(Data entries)
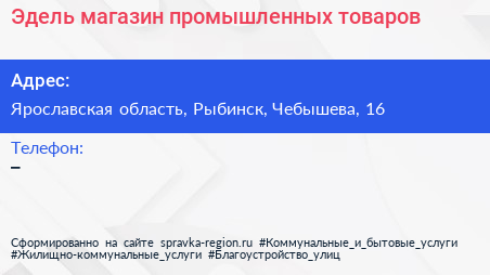 Эдель, магазин промышленных товаров по адресу Ярославская область, Рыбинск, Чебышева, 16 в дальнейшем Организация, размещена в следующих категориях:
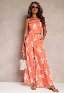 Pomarańczowy 2-częściowy Komplet z Szerokimi Spodniami i Topem Esseza
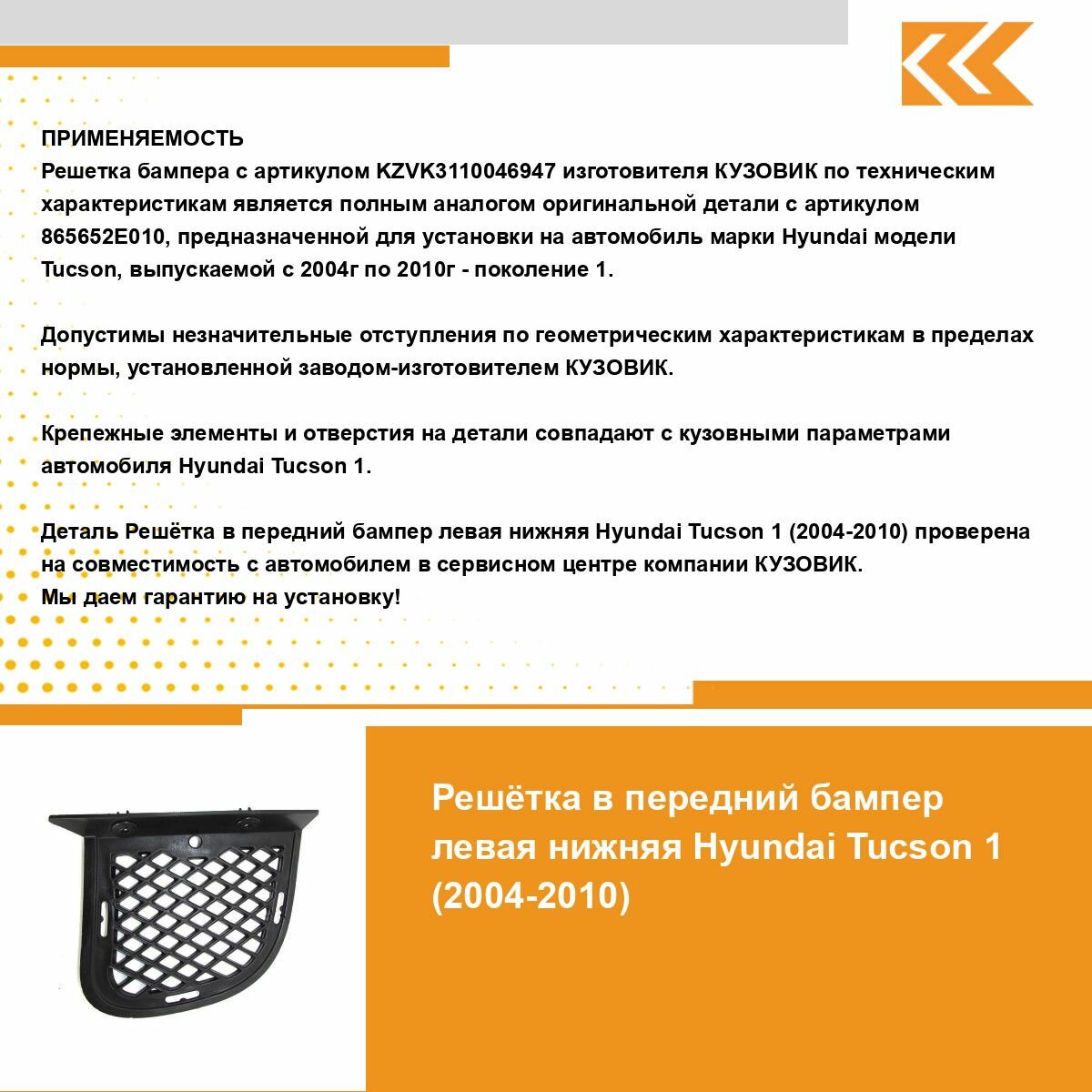 Отзывы на Решетка переднего бампера для Хендай Туссан Hyundai Tucson 1 (2004-2010) нижняя левая
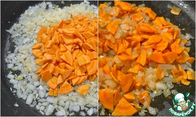Не меняя режима нагрева, но, повторюсь, постоянно перемешивая, переворашивая, довел морковь до слегка притомлённого состояния.
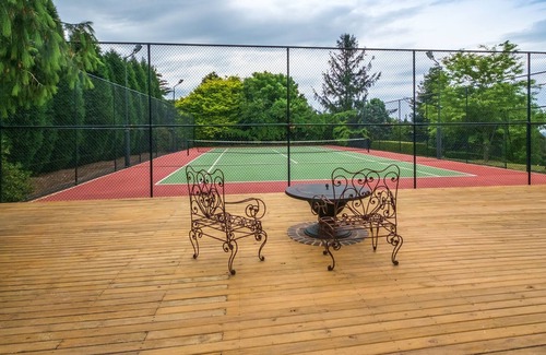 As you step inside, you'll find five spacious bedrooms and four well-appointed bathrooms, accommodating up to 10 guests comfortably. The generous open-plan kitchen and living area, complete with a cozy fireplace, invites celebration and laughter among family and friends. Enjoy outdoor entertaining on the expansive covered deck with barbecue facilities, or challenge your loved ones to a match on the private tennis court. For those seeking a unique twist, the property features a vintage theatrette and a striking Stonehenge replica, ensuring your wedding celebrations are as memorable as they are picturesque.
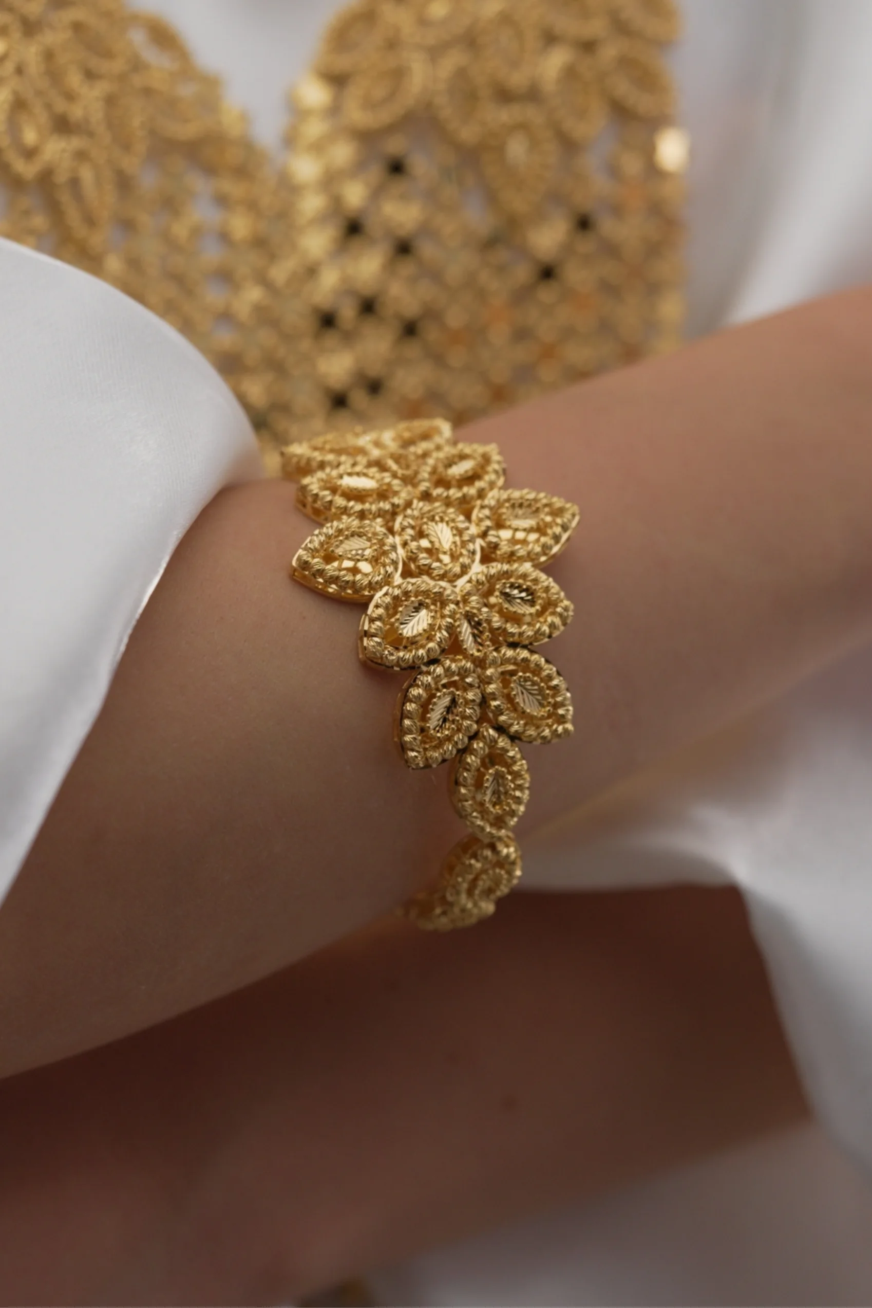 يُجسد سوار أوراق الشجر الفخامة العربية والحرفية الدقيقة، حيث يُعد أحد أبرز إبداعات مجوهرات إسلامية فاخرة. يتميز التصميم بتفاصيل أوراق الشجر المنحوتة بدقة على قاعدة من الذهب عيار 21 قيراطًا. علاوة على ذلك، يُضفي الشكل النباتي مظهرًا طبيعيًا ومفعمًا بالحيوية، بينما يعكس روح الهوية الإسلامية من خلال الزخارف الفنية المستوحاة من الطبيعة.

EXERCISE BRIEF: An exact copy is needed of the lines running from the one with "As you step" through the end of the data above, and of those lines only, without pictures.

TASK OUTPUT:
 As you step inside, you'll find five spacious bedrooms and four well-appointed bathrooms, accommodating up to 10 guests comfortably. The generous open-plan kitchen and living area, complete with a cozy fireplace, invites celebration and laughter among family and friends. Enjoy outdoor entertaining on the expansive covered deck with barbecue facilities, or challenge your loved ones to a match on the private tennis court. For those seeking a unique twist, the property features a vintage theatrette and a striking Stonehenge replica, ensuring your wedding celebrations are as memorable as they are picturesque.
 يُجسد سوار أوراق الشجر الفخامة العربية والحرفية الدقيقة، حيث يُعد أحد أبرز إبداعات مجوهرات إسلامية فاخرة. يتميز التصميم بتفاصيل أوراق الشجر المنحوتة بدقة على قاعدة من الذهب عيار 21 قيراطًا. علاوة على ذلك، يُضفي الشكل النباتي مظهرًا طبيعيًا ومفعمًا بالحيوية، بينما يعكس روح الهوية الإسلامية من خلال الزخارف الفنية المستوحاة من الطبيعة.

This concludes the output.